向鼎兴奋得摩拳擦掌,想着是不是给太子殿下上书一封,好好让他们表兄弟联系联系“感情”。
如此大事,人人的目光都被吸引过去了,此时城中一片死寂。人人都当是大难过后的平静,事实上,平静还未曾到来。
滞留在城中的商户因过年的缘故都聚在一起,在一家客栈中团年。爆/炸这么大的动静,自然也惊醒了他们。在瓜州城留了这么久,他们早已选出了有威望的带头大哥,由带头大哥派人去打探事情经过,剩下的人都留在客厅大堂商议。虽暂时不知出了什么事儿,可没有人睡得着。
封锁线被炸开的事情是瞒不住的,很快就有随从回禀消息,大堂顿时响起一片嗡嗡声,心中惊叹薛家真是不负其名,这么明目张胆的和朝廷对着干,到底有什么底牌?诸人都不相信薛家没有任何后手,只是单纯桀骜不驯。
“那我们……”有个人疑惑的开口,剩下的全在不言中,眼神示意大家都能明白。那他们怎么办?封锁线已毁,他们是跟着冲击逃走吗?可朝廷终究是朝廷,若是秋后算账,谁能扛得住。
带头大哥捋着胡子,闭目不言,江湖越老胆子越小,到了他们这个年纪,求稳求安才是符合性格的。
在这一片沉默之中,突然响起一个清亮的女声:“诸位先生,我家主子向各位问好。”
众人悚然而惊,这客栈他们包下来了,除了后院厨娘,何曾有女眷?困守多日,就是最贪花好色的人也不敢把女人带进来,就怕中了美人计,又有这么多人监督、看守,这女人是怎么进来的。
众人不约而同把目光投向了站在二楼回廊上的女子,只见她披着大大的兜帽披风,散开的地方依稀可见外袍上精致的绣纹。那女子扬起纤纤素手掀落兜帽,露出姣若春花的脸庞。
在座都是见过大世面的人,什么漂亮女人没见过,即便这人如何美丽,只凭她诡异的出现方式,就没人会被这色相迷惑。
说是这么说,可见到一个漂亮女人,带头大哥话音都要和气三分,问道:“不知姑娘如何称呼,主家是谁?”

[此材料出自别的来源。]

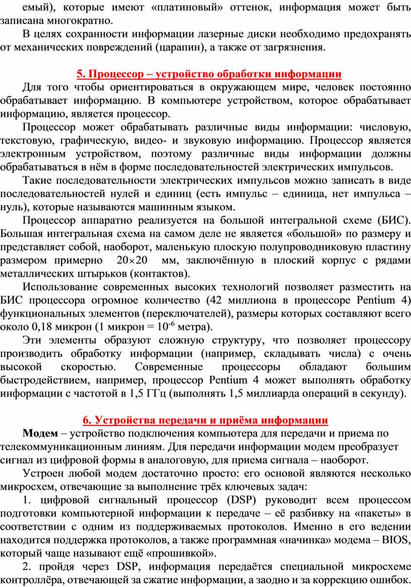 5. Процессор – устройство обработки информации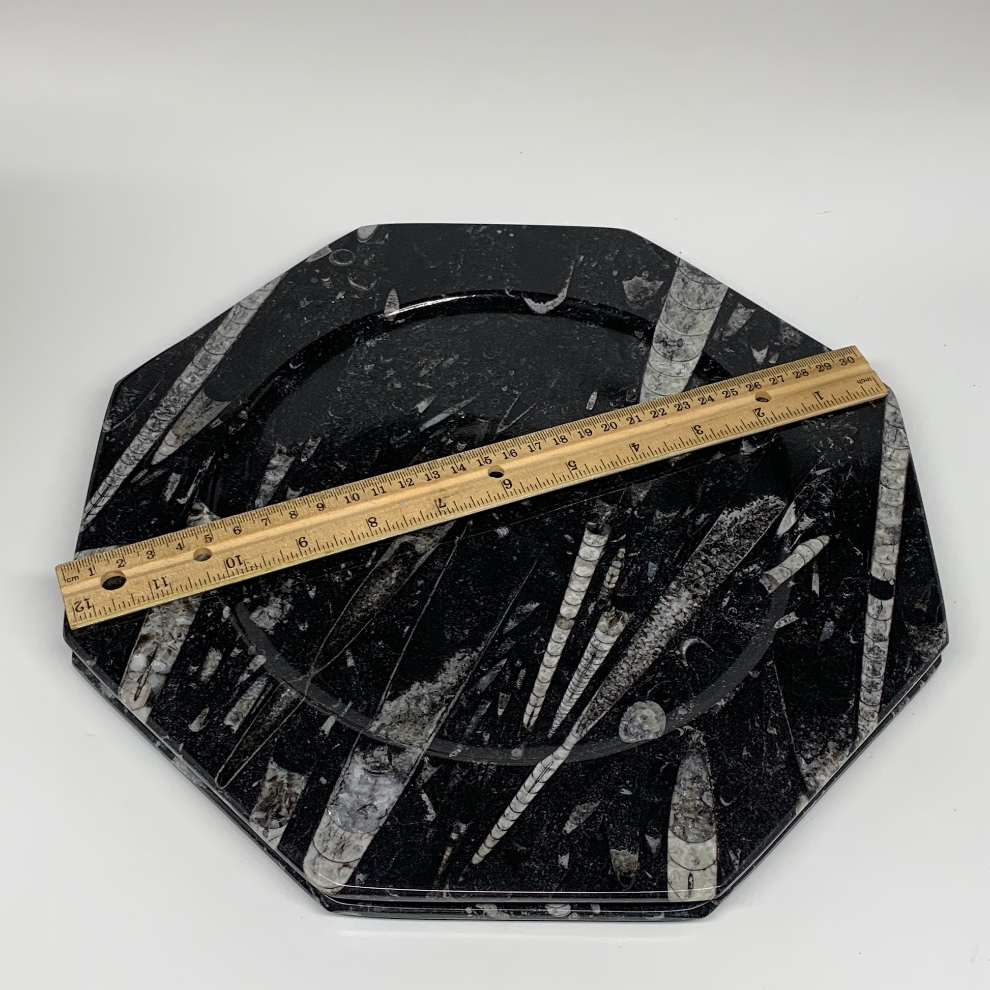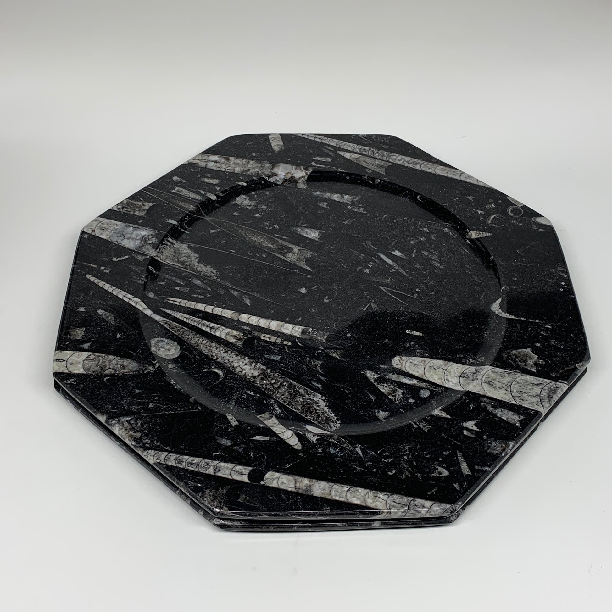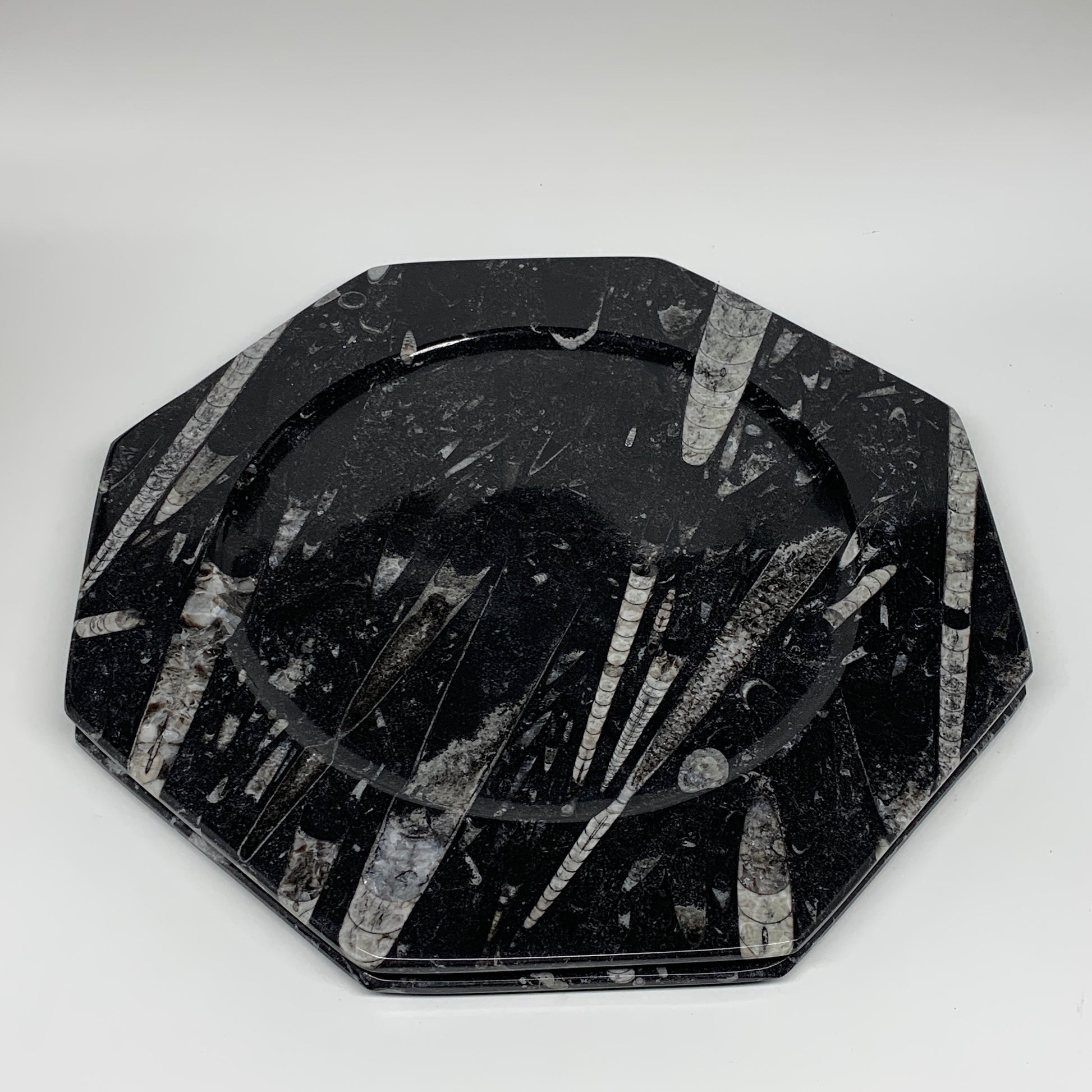 2pcs, 12" Large Octagon Shape Black Fossils Orthoceras Plates @Morocco, B8297

“小女子朱清,主家姓薛。”竹青站在二楼,袅袅婷婷福身一礼,端的是大家闺秀的做派。
姓薛?带头大哥不小心揪断了几根胡须,薛逊如何会派人来见他们,他不是冲破封锁线走了吗?
“朱姑娘有礼,不知薛先生有何吩咐。”带头大哥谦虚的把自己放在的听从命令的角色,人的影树的名,薛家赫赫扬扬百年,又有城外的爆炸声做最好的注解,他们这些人如何能不恭敬。
“王先生客气了,我家主子先前也如诸位一般困守瓜州,幸而老天保佑,如今顺利通关。想着诸人先生是同行,不忍诸位依旧困在这里,才遣小女子告知一声。”竹青温婉笑道:“北城门已开,限辰时这一个时辰,若是诸位有走的打算,现在便可动身了。”说完竹青又是一礼,后退告辞。
“朱姑娘,朱姑娘留步,薛先生可有说朝廷可会追究?”
“我等货物怎么办?”
“城内驻军如何了?”
众人七嘴八舌的问道,竹青优雅回头,轻启红唇道:“诸位心中自有答案,何必问小女子。”说完再不回头,消失在二楼拐角处。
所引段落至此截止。